‘Please Don’t Shoot Me’: Compton Man Says He Woke Up to Guns Pointed at Him Before Being Marched Outside with No Underwear By Cops for Allegedly Burglarizing His Own Home

A Compton youth advocate and program director was wrongfully detained last week by L.A. County Sheriff’s deputies who claimed he was a suspect in a burglary.

The man was brought out of his home, which also serves as a youth academy, wearing no underwear and only a T-shirt and not allowed to dress before being marched outside and put in the back of a police car.

Compton Man Says He Woke Up to Guns Pointed at Him Before Being Marched Outside In Just His Underwear By Cops for Allegedly Burglarizing His Own Home
Derrick Cooper says L.A. County deputies entered his home in a botched raid. (Photo: KTLA/YouTube screenshot)

The youth leader says his dignity was taken when he was unexpectedly accused of breaking into and robbing his own home.

Related: ‘Spit In the Face of Americans’: Kentucky Police Agency Faces Backlash, Protests Over Hiring Officer Who Killed Breonna Taylor In Botched 2020 Raid

The sheriff’s department now has asked its Compton station to launch an investigation into the incident.

The Los Angeles County Sheriff’s Department said the deputies were responding to an alarm call.

According to Derrick Cooper’s account, he doesn’t have an alarm and never made a call to report a burglary. When the incident happened, he was asleep in his bedroom when the deputies allegedly reached their hands through his mail slot and unlocked his door.

“I did not call for the sheriff or the police to come here. There was no need for them to come here,” Cooper told KTLA. “I felt so humiliated and violated. I’ve never felt that way in my life.”  

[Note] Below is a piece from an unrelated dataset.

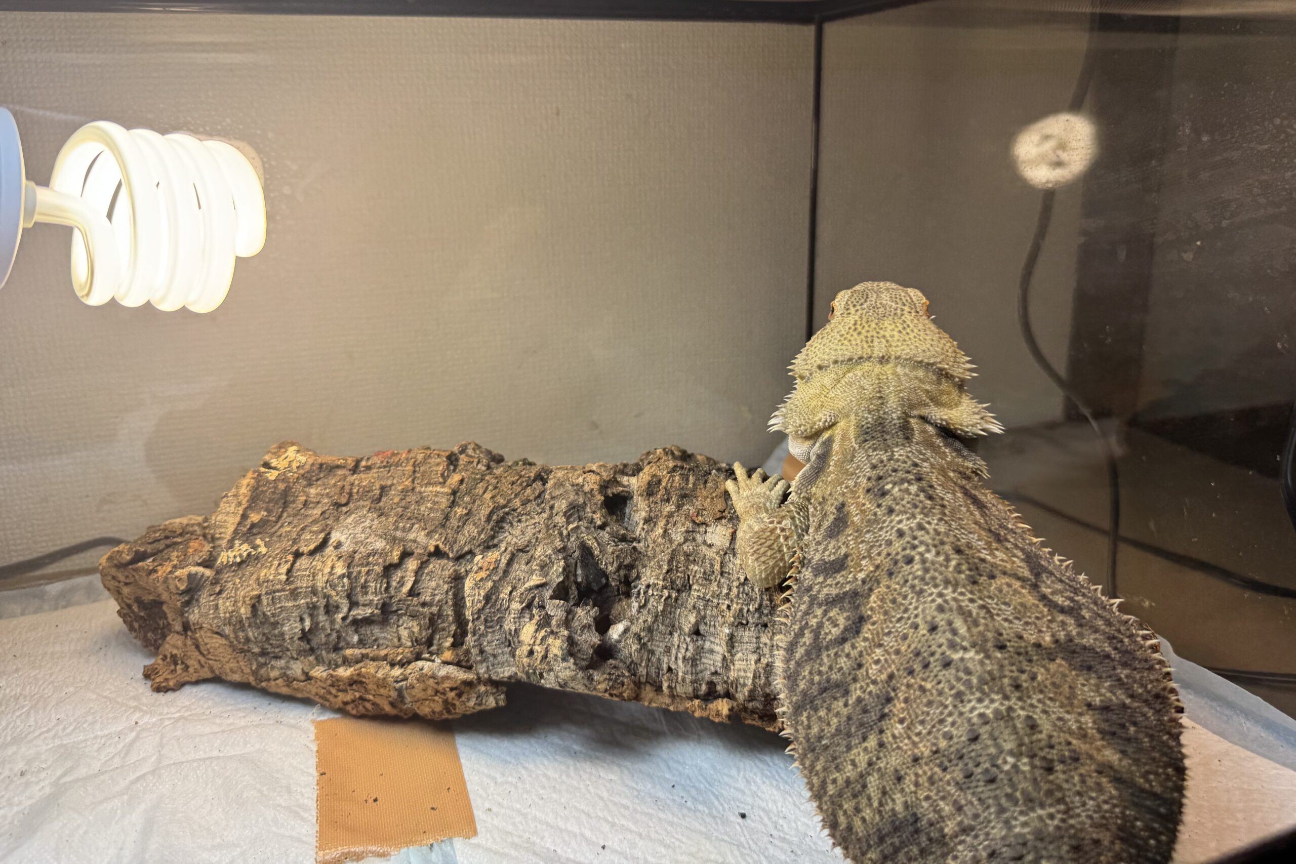 ペットシーツは、フトアゴヒゲトカゲが誤飲してしまうリスクがないこと、簡単に取り替えられるので清潔な環境を保ちやすいこと、そして、とにかく安いこともあり、非常に初心者向けの床材といえるんです!

The founder of the Compton-based LA City Wildcats Young Academy said he woke up around 4 a.m. on Tuesday, April 18, to a “flashlight” and “guns” in his face but did not resist arrest — and obeyed every order the authorities asked him to follow, despite not knowing why he was being taken in.

Nervous about being detained, he asked the deputies, “Please don’t shoot me.”

Cooper told ABC 7 News he asked if he would be able to place his pants on but said, “They told me no,” marching him to their car in a T-shirt and handcuffs.

“Right then I became helpless because my dignity was stolen from me,” he explained.

He also thought he might be killed.

The community leader said, “I knew I was going to die that morning because you hear ‘L.A. County Sheriffs’ and guns are drawn. The first thing that went through my mind was Breonna Taylor, all of these people that have died in their apartments because police came into their dwellings.”  

The officers placed him in the back of a squad car but released him after several minutes.

Cooper has enlisted the support of a lawyer to help him sue the agency.

“Definitely the intentional infliction of emotional distress. There’s the battery, the assault, there’s the unlawful entry and violation of his 4th amendment rights,” said attorney Jaaye Person-Lynn, who plans to file the claim in the next week.

This is not the first time Cooper was wrongfully detained. He says in 2019 the Sheriff’s Department brought him in and he was innocent then also.

“I expect so much more from our law enforcement,” said Cooper. “We need them. We want them to do what we need them to do, and that’s to protect us. Not to keep us in fear. And as a Black man in my community, I’m in fear.”

Cooper founded L.A. County Wildcats Academy over 27 years ago and has committed himself and his resources to provide after-school programs, tutoring, mentoring, basketball, cheer, dance, drum squad, soccer, and transportation to youth from ages 6 and up in the Compton section of Los Angeles County.

Despite his work to provide a safe space for young people, Cooper fights against gang violence. At the end of last year, rival street gangs fought openly and shot wildly near the facility where his kids were learning.

“On December 9, 2022, was the day I dropped to my knees when my After School Program Kids were caught in the middle of two gangs shooting it out in front of our After-School facility,” he wrote in a GoFundMe petition. “Our kids were in shock as gunfire erupted right before their eyes. As a result of this dangerous incident, I’m forced to close my After School Program doors.”

Cooper was trying to relocate the nonprofit from the front of his home (he lives in an apartment in the back of the building) to a safer place. He not only fears for the kids but now has a fear of those expected to protect and serve.

“I’m a Black man trying to do something positive, trying to be a part of something that’s going to leave a legacy for my family, in my community and it was almost taken away from just like that, and all I get is, ‘I’m sorry, we’ve got the wrong building,’” he said. “It’s unacceptable, man. I am a human being.”